Every industry has its big players, and the bottom feeders that get a bone thrown their way. In order for your business to succeed you need to have a clear idea about what problem your business is solving, and how are you going to do it differently than your predecessors
Ask your self: What am I going to do in order to do things better than my competition?
3. Listen & Accept Feedback
You’d be surprised at how many people have poor listening skills. They let their egos get in the way. Rather than being students of the business, they throw their half-ass knowledge out. You can be different though, by simply listening, asking and accepting feedback. Trust me, this is where you’ll learn a lot about your business and possibly about your self as well.
You’re probably thinking now; “This is so obvious.” However, you’d be surprised at how many new small business owners forget about basics like this.

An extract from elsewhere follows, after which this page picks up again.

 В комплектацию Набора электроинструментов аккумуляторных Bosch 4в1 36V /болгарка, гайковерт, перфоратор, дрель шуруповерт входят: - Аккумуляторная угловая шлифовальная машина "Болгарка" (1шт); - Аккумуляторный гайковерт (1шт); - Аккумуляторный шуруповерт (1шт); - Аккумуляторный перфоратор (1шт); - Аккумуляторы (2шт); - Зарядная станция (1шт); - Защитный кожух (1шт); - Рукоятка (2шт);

4.Try to Have a Debt Free Start-up
Poor cash-flow is one of the biggest reasons why small businesses fail to make it to the next level. Failing to manage money properly in the early stages of your business can make the numbers hard to stack up. One sure way to avoid cash-flow pitfalls is to have a debt free start-up or with little debt as possible. Maxing out credit-cards will only make it harder down the road as the monthly bills keep on piling up. Eventually you’ll be paying everyone else, and have nothing left over for your self.

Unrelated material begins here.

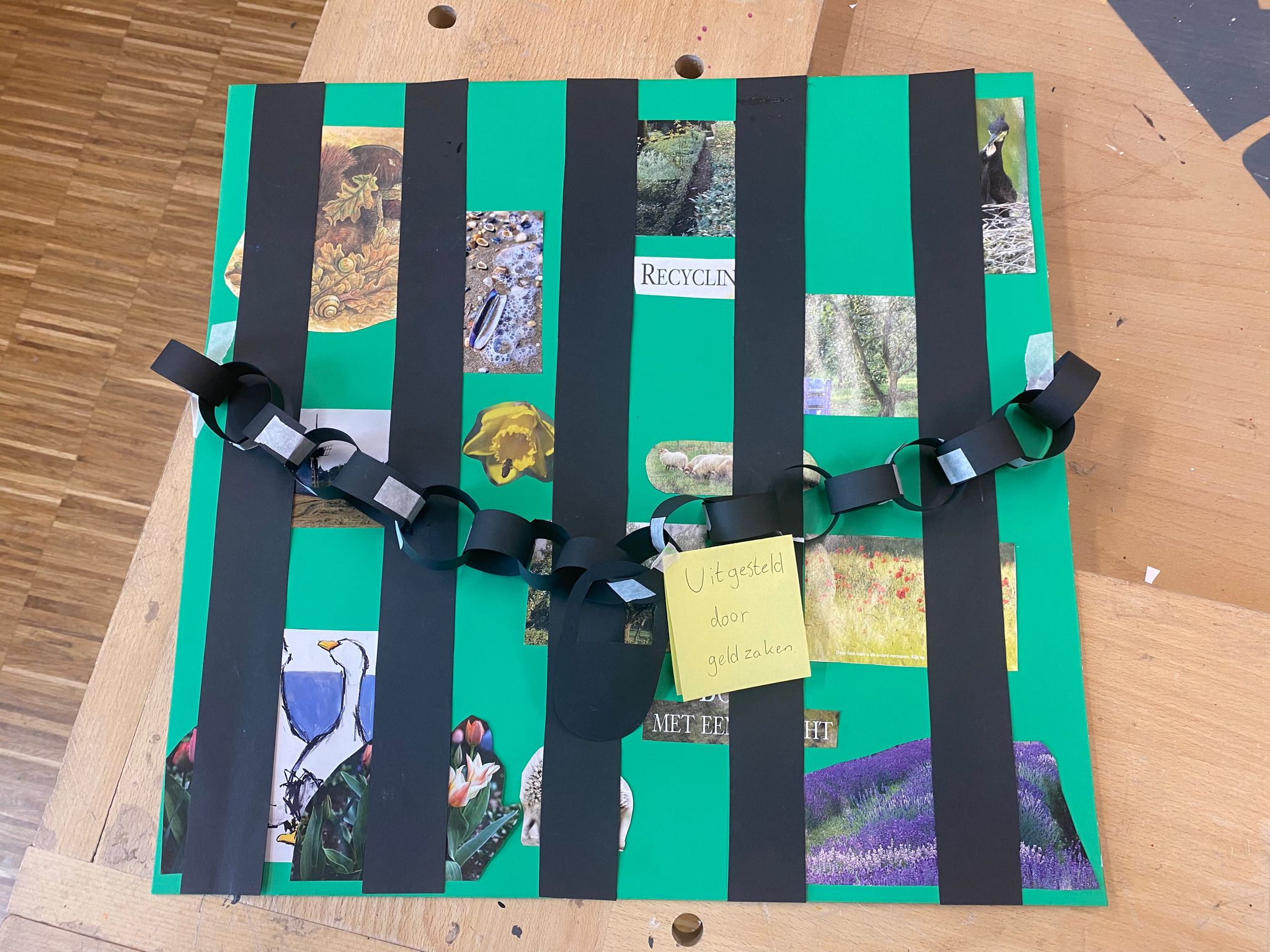 Na ruim een uur mocht Ilse namens de Groene Transformator de werkstukken in ontvangst nemen. De werkstukken waren groots en gingen op de fiets niet mee. Gelukkig woont Patricia om de hoek en heeft meegeholpen om alle kunstwerken heelhuids naar De Groene Transformator te brengen waar ze inmiddels een plek hebben gekregen.

5. Outsource As You Need To
In the every early stages of your small business you’ll probably be the marketing person, accountant, advertising rep, sales rep and the general office clerk. Eventually business will start to pickup, and your skills will be more useful elsewhere. This is the point where you need to suck it up, accept it, and spend a little money by outsourcing certain tasks.
More importantly, you as the small business owner needs to recognize that you won’t be great at everything. So, why not pass it onto someone who’s more skilled and knowledgeable.
Develop a relationship with your accountant, graphic designer or your printer, treat them as a business colleague vs. an expense. Eventually through time and many business transactions, you’ll develop a relationship beyond a business, and these people will become someone you can bounce ideas off, and someone who’ll make recommendations for your business as well.
6. Test and More Test
Thousands of people right now are holding down full-time jobs while starting a small business. I was one of those people, and for the most part still am today. My day doesn’t end at 5. It instead continues sometimes well into the night. People who work like this are often referred to as the 5-9 shift, although in reality the hours are much longer.
The beautiful part of testing the 5-9 shift is that you don’t have to commit to your business full-time, still earn a living, and more importantly test whether your small business and being an entrepreneur is right for you.
Readers, can you suggest anymore tips for new entrepreneurs?